● There’s still another major study documenting the extent
to which children are needlessly in foster care – and this one also documents
the success of one solution: high-quality legal defense for families. There’s
a story in the Chronicle of Social Change. Here’s the press release from New York University School
of Law. And I have a post about it on
this blog.
● One of the lawyers who provides this kind of high-quality
family defense has an
excellent essay in Paste about a family
in which the mother accidentally dropped her five-year-old son. He suffered a
fractured skull. But this family didn’t
need a lawyer. Can you guess why?
● The Arizona Republic
has
a story about the hypocritical way child protective services agencies
invoke concerns about children’s privacy – because it’s the agency’s privacy they’re really
defending.
● One child welfare agency, the Los Angeles County
Department of Children and Family Services countenanced a massive invasion of
children’s privacy – and that was only one of the problems with the HBO
documentary Foster.
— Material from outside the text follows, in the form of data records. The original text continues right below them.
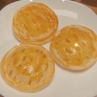 - 5 更に別の4枚にフォークで穴を開け、中心に1を乗せ、ふちに卵黄を塗ります。
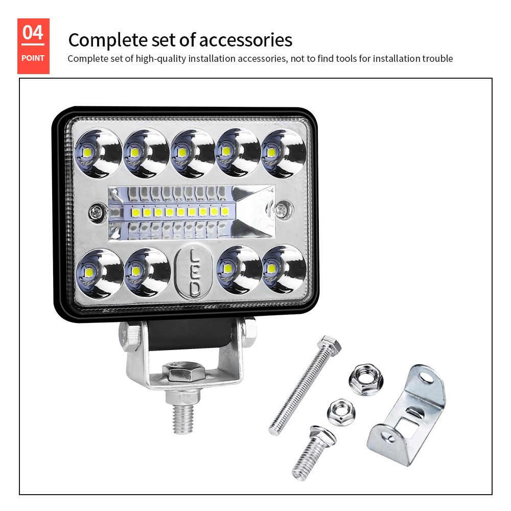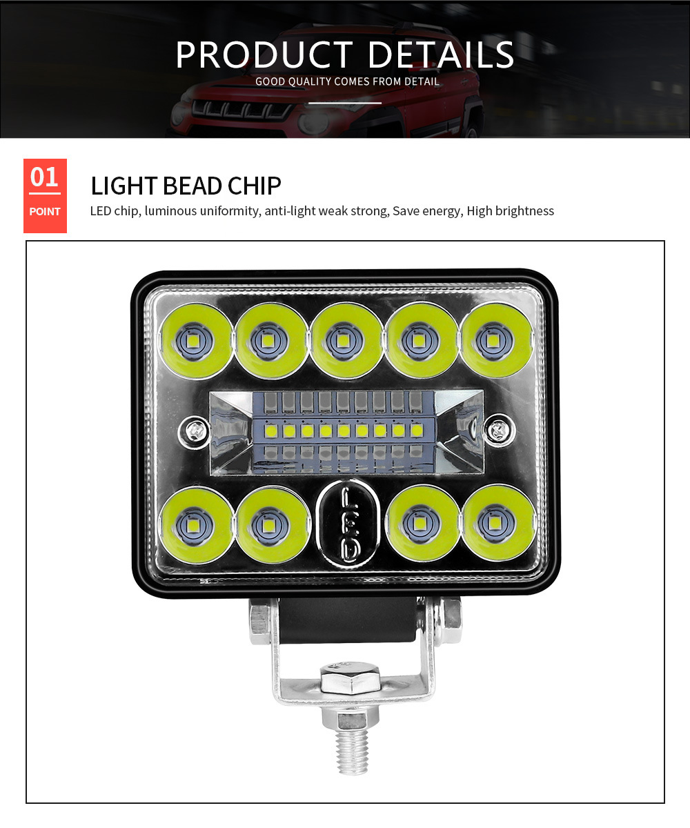 Material: Aluminum + LED Working Voltage: DC9-30V LED Chips: 3030 LED Quantity: 18pcs LED Power: 54W Measured Current: 1A±0.2 Lumens: 2800M Color Temperature: 6500K Beam Type: Spotlight + Floodlight Waterproof Level: IP67 Service Life: 50000H Operating Temperature: -40℃-85℃ Applications: Automobiles/Motorcycles/Off-road Vehicles/Trucks/Forklifts/ATVs/Construction Vehicles/Boats Product Weight: 230g Inner Box Dimensions: 58×30×27mm
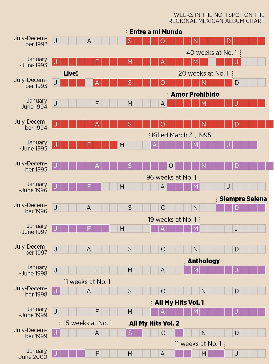 Selena’s previous Latino album, “Amor Prohibido,” had spent 47 consecutive weeks at No. 1 on Billboard’s Regional Mexican album chart before she was killed. After her murder, the album regained the No. 1 spot and spent another 27 consecutive weeks in the top spot. It would return to No. 1 yet again in October for another 18 consecutive weeks. In all, “Amor Prohibido” would spent 96 weeks at No. 1.
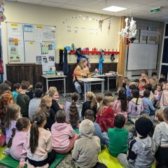 Untuk membuat kami berada dalam suasana Adven yang nyaman, kami tidak mengerjakan tugas menulis atau matematika hari ini, melainkan menghabiskan waktu seharian untuk membuat sesuatu. Kami memulai hari dengan bernyanyi bersama di area pintu masuk.
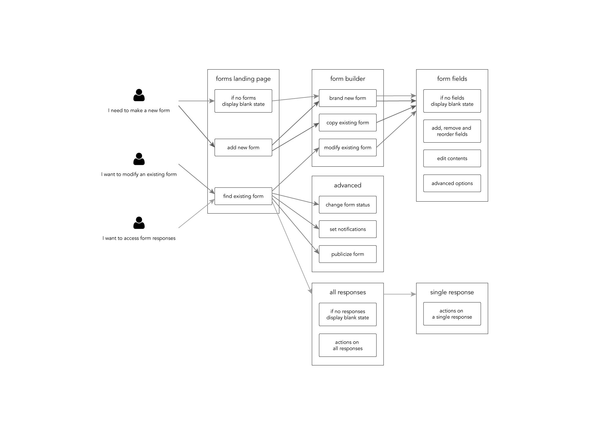 Based on interviews with clients and stakeholders as well as analysis of support tickets, the Product Manager created the project roadmap. From there I researched direct competitors and popular form builders with an eye toward ease of use, standard elements, error handling, response collection and advanced settings.
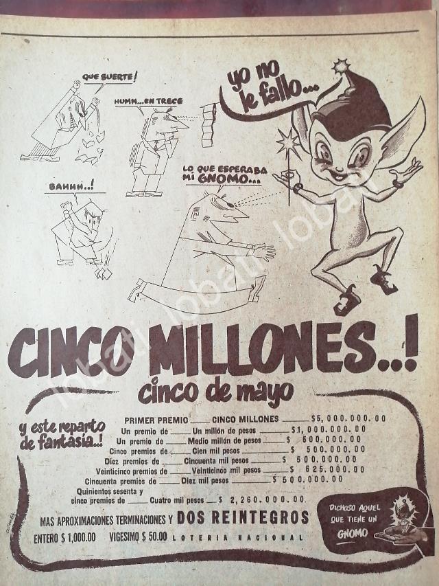 CARTEL ANTIGUO ORIGINAL DE LOTERIA NACIONAL 1952 EL GNOMO DE LA SUERTE /159
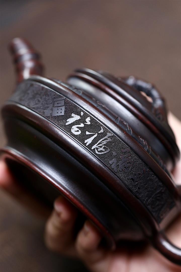 180cc原礦龍骨金砂刻畫禦景茶壺POT8142

I have a blog
post about it.
● Daniel Heimpel, publisher of the Chronicle of Social Change has a column
criticizing Naomi Schaefer Riley for using “cherry-picked statistics on child
maltreatment deaths – a horrific but incredibly rare occurrence – to insinuate
that ramping up domestic family separations has a corollary in reduced child
maltreatment deaths.” (I have more
about Riley here.)
● The Chronicle also
has a column from Nora McCarthy, director of Rise, about Rise’s
Handbook for improving frontline practice with parents (There’s a link to the
full handbook.)
● And, 26 years after I wrote a cover story for the
alternative weekly in Chicago about the foster-care panic caused by certain
media and politicians, I
have an update. (The media are doing
better; the politicians, not so much.)